Anteriormente ao aparecimento do Landau, Lifshitz, o livro de mecânica avançada de melhor qualidade (para físicos) era o Goldstein, Classical Mechanics. Ainda é um livro bom, excetuando-se o tratamento da equação de Hamilton-Jacobi, que é desastroso. Tem uma excelente bibliografia. Estou falando nele por causa de um erro de previsão do autor. Logo no início, Goldstein argumenta que um livro de mecânica, nos nossos tempos, só se justifica como introdução à mecânica quântica. Lembro-me bem que o ilustre astrônomo brasileiro Sílvio Ferraz Mello, especialista em mecânica celeste, se enfureceu com esse comentário. Que, evidentemente, estava totalmente errado! O (re)-surgimento do cáos e a continuação da grande obra de Poincaré sobre a estabilidade na mecânica fizeram dessa área uma das mais ativas fronteiras da pesquisa física. O Landau-Lifshitz não trata deste assunto. Um texto esplêndido, com a matemática levada mais a sério do que é costume entre os físicos, é o de Giovanni Gallavotti, Mechanics. (O original italiano se chama Meccanica Elementare). Este é um curso completo de mecânica, que trata de problemas de estabilidade no final do livro. Menos matemático e bem equilibrado na escolha de tópicos clássicos e modernos é Nivaldo Agostinho Lemos, Mecânica Analítica. Não posso deixar de citar o famoso livro do grande matemático russo V.I. Arnold, Mathematical Methods of Classical Mechanics (Springer). É um livro avançado, embora não pareça. Sensacional um outro livro de Arnold, este de leitura leve: V. I. Arnold, Huygens & Barrow, Newton & Hooke (Birkhäuser), um excelente estudo histórico da mecânica na época de Newton. Para a matemática da estabilidade, a referência obrigatória é Hirsch, Smale, Differential Equations, Dynamical Systems and Linear Algebra. Smale é um dos maiores matemáticos do nosso tempo.Neste ponto você deverá estar em condições de ler o belo livro de Walter Wreszinski, Mecânica Clássica Moderna. Esta é a nossa referência final.

2.Eletromagnetismo

Fiat lux!
Jeová ou Javé

Aqui, de novo, as referências básicas são os excelentes volumes III e IV de H. M. Nussenzveig. O uso do sistema SI (o popular M.K.S.) no eletromagnetismo não me agrada muito, mas, neste nível introdutório, oferece realmente a vantagem de trabalhar com unidades, como volt, ampère, etc., que são familiares. É essencial (somos físicos) ter uma idéia dos tamanhos das coisas. Os exercícios são, em geral, bem dosados, exceto um ou outro (por exemplo, no capítulo 5 do volume III, os exercícios 4,5 e 6 são difíceis de resolver com os métodos expostos no livro, e fáceis com métodos apropriados. É melhor ignorá-los). O volume III tem um concorrente fortíssimo: o genial livro de E. PurcellElectricity and Magnetism, 2nd. Edition. Este é, em minha opinião, um dos melhores livros didáticos jamais escritos. Os exercícios são notáveis.
A matemática usada pelo Moysés é já considerável, e estará inevitavelmente sendo usada antes que o professor de matemática chegue lá. Porém está bem explicada nos próprios volumes II e III, e quase nunca é preciso recorrer a outras referências, como no caso da mecânica.

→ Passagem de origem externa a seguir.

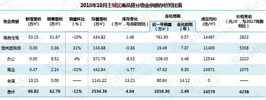 去化:本月商品住宅庫存減少至474.04萬方,按照近一年銷售824.10 萬方的去化速度,需0.58年消化;各物業中除車庫 其余物業庫存均有所減少,其中辦公庫存減少最多,為10.41萬方,整體市場仍處于高位運行,商業、辦公和車庫庫存仍較 高,去化速度緩慢,壓力較大。

O leitor ambicioso deve, em paralelo ao curso, ou ao seu estudo por um livro convencional, ler um dos maiores livros de ciência já escritos: J. C. Maxwell, Treatise on Electricity and Magnetism, que ainda é publicado pela Dover. Em particular, pode aprender nele os teoremas integrais, de Green, Gauss e Stokes, que encontram ali exposições magistrais. Particularmente interessante é a parte do livro que trata de instrumentos elétricos. Para que você, iniciante em física, tenha idéia da importância de Maxwell, saiba que foi êle quem descobriu a natureza da luz!

Após o estudo dos livros citados, que já deram uma visão razoavelmente completa do eletromagnetismo, é costume fazer-se um curso com ênfase em métodos de cálculo. Na realidade, o que eu acho que caberia aqui seria um estudo mais detalhado de ondas eletromagnéticas: sua produção e propagação. O livro intermediário que eu recomendo é o Becker, Sauter, Electromagnetic Fields and Interactions, um grande clássico, agora em edição da Dover.

O historiador da ciêcia Gerald Holton publicou um artigo em que sustenta, baseado em suas pesquisas, que o Becker, Sauter foi o livro onde Einstein aprendeu o eletromagnetismo. Mais precisamente, o Becker, Sauter é a versão atual de um livro que surgiu na virada do século XIX para XX, de autoria de Föppl, que teve depois um grande número de reedições: Abraham,Föppl; Abraham, Becker e, finalmente, Becker, Sauter.

Neste nível há ainda dois livros notáveis, indicados como leitura paralela: Sommerfeld, Electrodynamics e Pauli, Electrodynamics. Estes são os livros a que eu recorro quando alguma sutileza conceitual precisa ser esclarecida. Finalmente, um livro de tipo diferente, mas absolutamente genial: Paul J. Nahin, The Science of Radio, extraordinariamente bem escrito, que mostra os problemas que tiveram de ser resolvidos para que fosse possível a transmissão de informação por ondas de rádio. Há excelente física neste livro, escrito por um (genial) professor de engenharia elétrica.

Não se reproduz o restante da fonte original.